Réflexions d'un coach spécialisé dans les transitions, à partir des événements et rencontres de la vie quotidienne...

lundi 30 mars 2015

Autorité ou autoritarisme

L’autorité, c’est le droit de commander, le pouvoir (reconnu ou non) d’imposer l’obéissance, de se faire obéir. Dans son usage courant, le mot autorité est polysémique, comme beaucoup de mots français : selon le contexte, il peut recouvrir des sens différents. Quand on parle de l’autorité d’un juge, on évoque le pouvoir accordé à sa fonction d’imposer l’obéissance à des lois. Par ailleurs, on peut entendre par autorités les représentants du pouvoir, les membres du gouvernement, ou les responsables de l’administration. Dans une organisation pyramidale, l’autorité est conférée aux supérieurs hiérarchiques.

De quoi l'autorité dépend-elle ? 
Mais intéressons-nous à l’autorité naturelle, ce quelque chose qui émane profondément d’une personne, cette capacité à faire adhérer les autres à ses propositions ou à ses actions, indépendamment de son statut hiérarchique. À quoi tient-elle ? Contrairement à l’autorité conférée par le statut ou le pouvoir en place, l’autorité personnelle ne se décrète pas, elle ne contraint pas, mais ouvre à la liberté d’adhésion à ce qui est exprimé. L’autorité naturelle s’appuie, me semble-t-il, sur deux éléments : d’abord, les caractéristiques individuelles de la personne qui fait autorité : sa qualité de présence, sa façon de s’exprimer – verbalement et non verbalement – ainsi que sa cohérence, l’harmonie qui existe entre cette personne, ses valeurs, ce qu’elle dit et ses actes : en un mot, sa congruence. 

Par ailleurs, il y a le contexte, la manière dont les membres du groupe reçoivent cette autorité.
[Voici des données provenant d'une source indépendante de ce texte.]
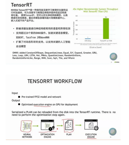 TensorRT 是一个高性能的深度学习推理(Inference)优化器,可以为深度学习应用提供低延迟、高吞吐率的部署推理。TensorRT 可用于对超大规模数据中心、嵌入式平台或自动驾驶平台进行推理加速。TensorRT 现已能支持 TensorFlow、Caffe、Mxnet、Pytorch 等几乎所有的深度学习框架,将 TensorRT 和 NVIDIA 的 GPU 结合起来,能在几乎所有的框架中进行快速和高效的部署推理。

Cela dépend de l’histoire du groupe, de sa culture collective ; la parole ou l’acte posé par la personne se situe dans un contexte social et culturel déterminé. Il y a bien sûr des gradations : certaines personnes font autorité dans un cercle ou un domaine particulier : leur profession, leur lieu de vie, leur milieu social ; d’autres sont acceptées beaucoup plus largement ; enfin, l’autorité de quelques individus exceptionnels est reconnue universellement, traversant à la fois les frontières et les époques : ainsi en est-il des grands sages ou des esprits les plus brillants de l’humanité.
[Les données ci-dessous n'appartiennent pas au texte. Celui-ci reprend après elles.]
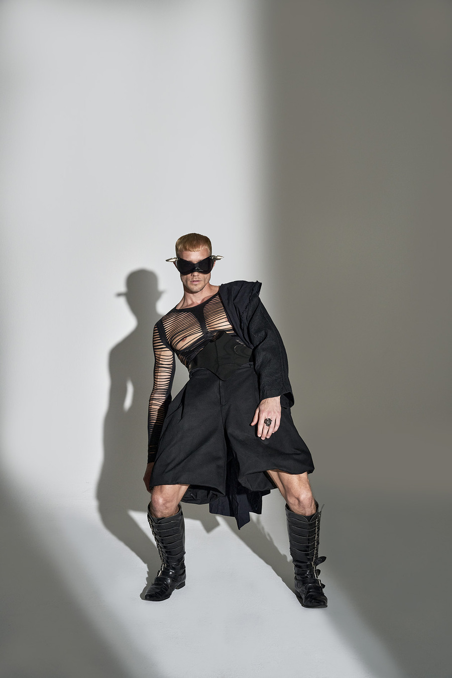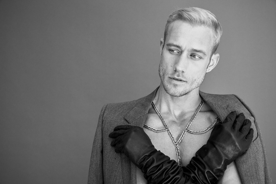 A KALTBLUT exclusive. Photography by Alexander Courtman. The model is Kevin Pabel signed with Louisa Models. Creative Direction by Dirk Meycke. Grooming by Sabrina Reuschl. Styling by Lorand Lajos using Bottega Veneta, Rick Owens, Atelier Lorand Lajos, Kenzo, Burberry, Damir Doma, Dior, Mugler, Tom Ford, Alexander McQueen, Thor, Valentino, Wegener, Givenchy, Brioni, Jean Paul Gaultier, Roeckl, Gucci, Calvin Klein, Alpine Stars, Chanel.

Autorité, auctoritas en latin, vient de auctor, auteur, provenant de la racine augere, faire croître, augmenter, développer. Cette étymologie est intéressante, car elle suggère que celui qui détient l’autorité a pour mission de faire croître ceux dont il a la charge et qu’il respecte : son autorité est un moyen au service d’une valeur. C’est pourquoi l’autorité véritable est bien loin de l’autoritarisme : caractère, comportement d’une personne qui aime l’autorité pour elle-même, qui en use ou en abuse volontiers. L’individu qui fait preuve d’autoritarisme considère le commandement comme une fin en soi. Son autorité est finalement un moyen de se sécuriser, souvent au détriment des autres. Ayant peur d’être lui-même attaqué ou infériorisé, il sera donc tenté de refuser toute discussion de sa domination, exigeant tout et ne donnant rien en retour.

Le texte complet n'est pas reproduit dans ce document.